А Хоббс пообещал ей позаботиться о том, чтобы комиссия по освобождению отнеслась к ее ходатайству с большим пониманием, если Клодина, в свою очередь, перестанет одеваться и вести себя как женщина. Хоббс обратил ее внимание на то, что комиссия вряд ли проявит сочувствие к мужику, явившемуся на заседание с красными ногтями, накрашенными губами и накладными ресницами. Клодина, в свою очередь, поставила начальника тюрьмы в известность об отсутствии у нее выбора: Нев Эгри пришьет ее до того, как она успеет выйти во двор, на что Хоббс обязался гарантировать ей полную безопасность — но только в том случае, если она по своей воле перейдет в блок „B“. Клодина колебалась, поскольку Эгри достал бы ее и в карцере. Тогда Хоббс рассказал ей о том, что блок „B“ подлежит полной изоляции, и даже Эгри не сможет проникнуть туда. А к окончанию изоляции Клодина будет уже на свободе. Определенный риск, конечно, оставался, но если Клод согласен, то он, Хоббс, берется все обеспечить.
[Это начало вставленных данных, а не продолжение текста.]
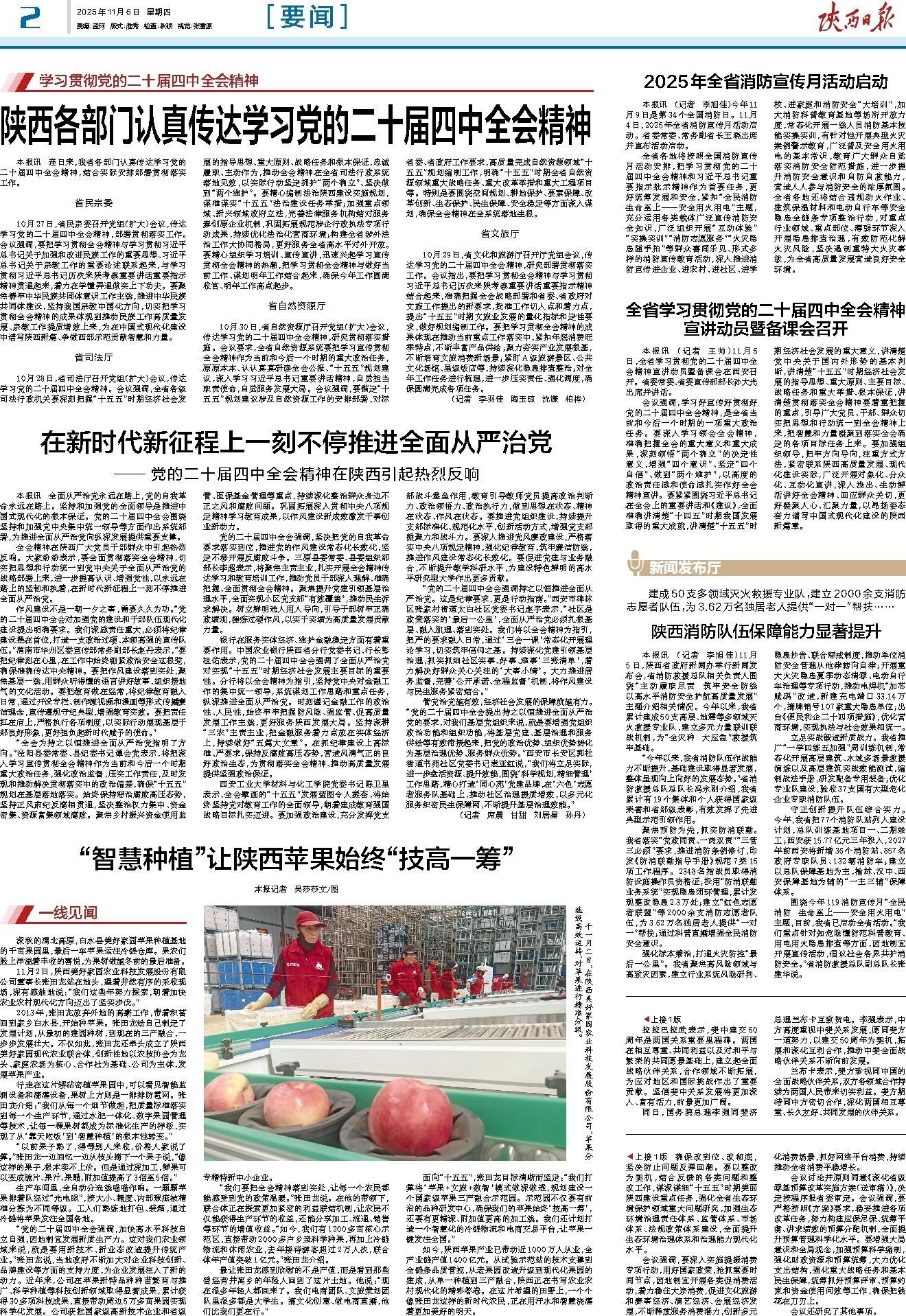 “党的二十届四中全会强调,加快高水平科技自立自强,因地制宜发展新质生产力。这对我们农业领域来说,就是要用新技术、新业态改造提升传统产业。”张田龙说,当地政府不断加大对企业科技创新、品牌建设等方面的支持力度,为企业发展注入了新的动力。近年来,公司在苹果新特品种种苗繁育与推广、科学种植等科技创新领域取得显著成果,累计获得30多项科技成果,直接带动周边5万多亩果园实现科学化发展。公司获批国家级高新技术企业和省级专精特新中小企业。

Так Клодина враз снова стала Клодом, понимая, что игра стоит свеч. Подумать только, снова прогуляться по „Куотер“… Она — нет, он! — встанет на Бурбон-стрит и вдохнет воздух, напоенный выхлопными газами, и почувствует, как у него встает при одном взгляде на длинноногих телок в коротких юбчонках, вышагивающих на своих высоченных каблуках… А потом у „Альфонсо“ он выдует через соломинку высокий стакан виски „Сто волынщиков“. Ага. А карман будет оттопыривать пухлая пачка двадцаток. Интересно, помнят ли его эти сучки? Ему не сосали уже тысячу лет…
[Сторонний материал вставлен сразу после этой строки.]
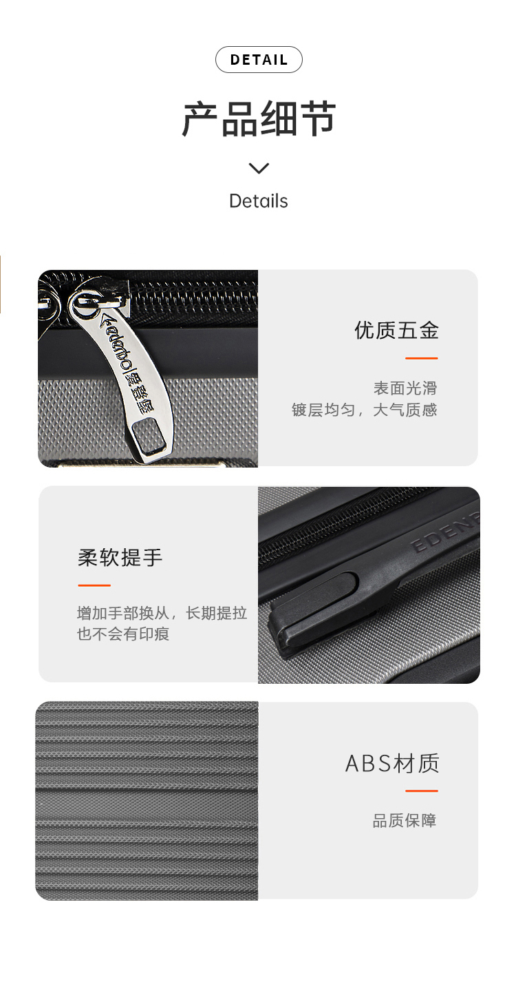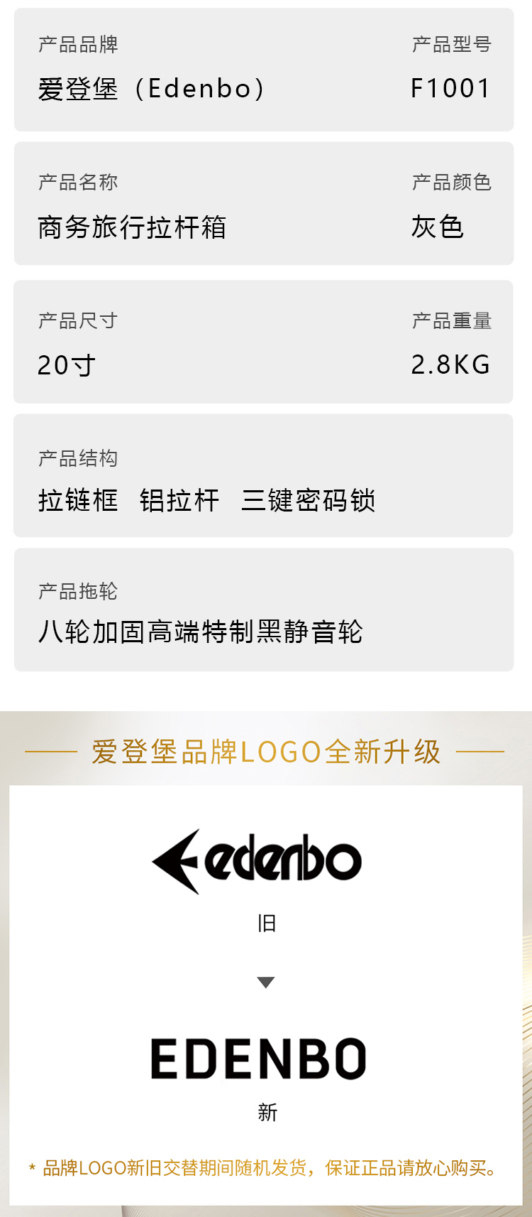 商品名称:Edenbo/爱登堡20寸商务旅行拉杆箱登机箱-灰色F1001

Так что Клод сказал Хоббсу „да“ и теперь сидел здесь, с соседом по камере, который драл его в задницу.
Он. Его. Он вернулся сюда.
—Оденься, — приказал Стоукли.
Уровень ненависти в голосе Джонсона достиг своего пика и теперь снизился до обычного. Из угла тесной камеры слышался плеск воды. Кассета с „Дйс Ти“ доиграла до конца, и магнитофон отключился. Откуда-то с нижнего яруса донеслось бренчание гитары и голос, напевавший что-то из репертуара Альберта Коллинза. Клод развернулся на краю койки и потянулся за штанами. Своими штанами… Ему срочно требовалось сходить в туалет, но мускулистая фигура Стоукли по-прежнему занимала крошечную уборную.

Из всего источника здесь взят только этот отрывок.